Exercise aim
Skip the pictures and write out, word for word, the lines below from the one with "Installation and Wiring" through the one with "You did it!", inclusive.

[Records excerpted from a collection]
=-=-=-=-=

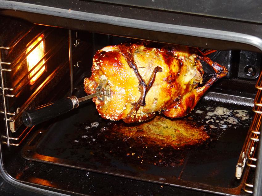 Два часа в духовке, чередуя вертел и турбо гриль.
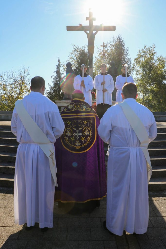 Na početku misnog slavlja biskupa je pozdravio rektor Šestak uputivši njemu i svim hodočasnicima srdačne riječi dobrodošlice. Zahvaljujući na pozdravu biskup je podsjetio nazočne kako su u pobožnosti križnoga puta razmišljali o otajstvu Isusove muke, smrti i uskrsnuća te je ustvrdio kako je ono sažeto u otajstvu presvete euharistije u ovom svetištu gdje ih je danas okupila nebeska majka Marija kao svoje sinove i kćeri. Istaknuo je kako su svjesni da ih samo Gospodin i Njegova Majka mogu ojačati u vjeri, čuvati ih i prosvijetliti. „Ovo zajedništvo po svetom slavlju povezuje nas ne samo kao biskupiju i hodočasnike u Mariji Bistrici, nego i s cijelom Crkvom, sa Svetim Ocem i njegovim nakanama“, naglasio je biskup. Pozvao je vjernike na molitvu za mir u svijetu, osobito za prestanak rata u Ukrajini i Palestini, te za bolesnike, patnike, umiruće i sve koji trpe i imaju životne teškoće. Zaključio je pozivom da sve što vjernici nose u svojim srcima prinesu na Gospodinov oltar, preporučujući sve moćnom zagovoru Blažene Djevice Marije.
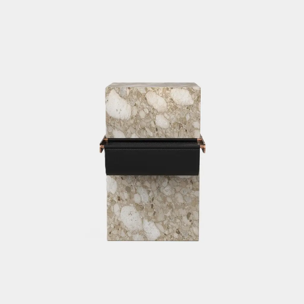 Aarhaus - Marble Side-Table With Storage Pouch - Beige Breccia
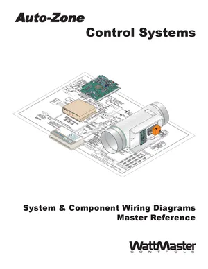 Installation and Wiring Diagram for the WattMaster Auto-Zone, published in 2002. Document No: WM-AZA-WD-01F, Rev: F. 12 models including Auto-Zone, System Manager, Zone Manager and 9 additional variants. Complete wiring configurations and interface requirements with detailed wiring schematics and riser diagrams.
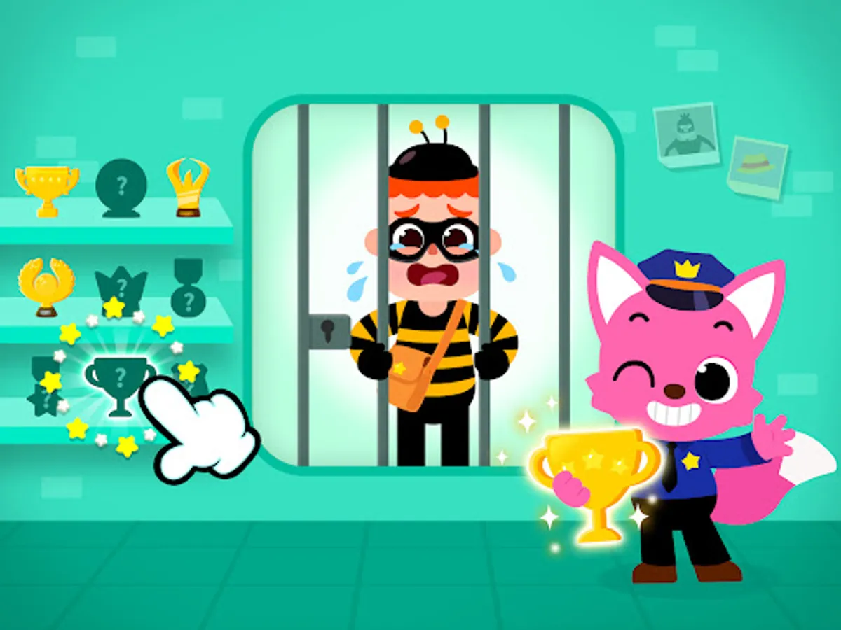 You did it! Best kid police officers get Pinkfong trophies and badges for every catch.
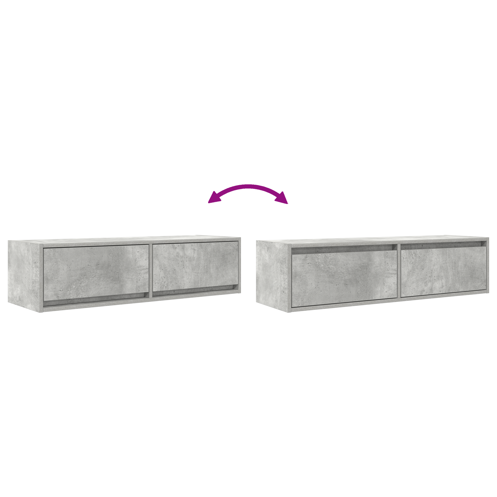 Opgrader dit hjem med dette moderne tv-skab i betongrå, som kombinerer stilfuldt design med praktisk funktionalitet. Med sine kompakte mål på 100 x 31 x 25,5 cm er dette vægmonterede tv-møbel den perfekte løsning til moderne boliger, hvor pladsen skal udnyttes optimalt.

=-=-=-=-=

Exercise answer
 Installation and Wiring Diagram for the WattMaster Auto-Zone, published in 2002. Document No: WM-AZA-WD-01F, Rev: F. 12 models including Auto-Zone, System Manager, Zone Manager and 9 additional variants. Complete wiring configurations and interface requirements with detailed wiring schematics and riser diagrams.
 You did it! Best kid police officers get Pinkfong trophies and badges for every catch.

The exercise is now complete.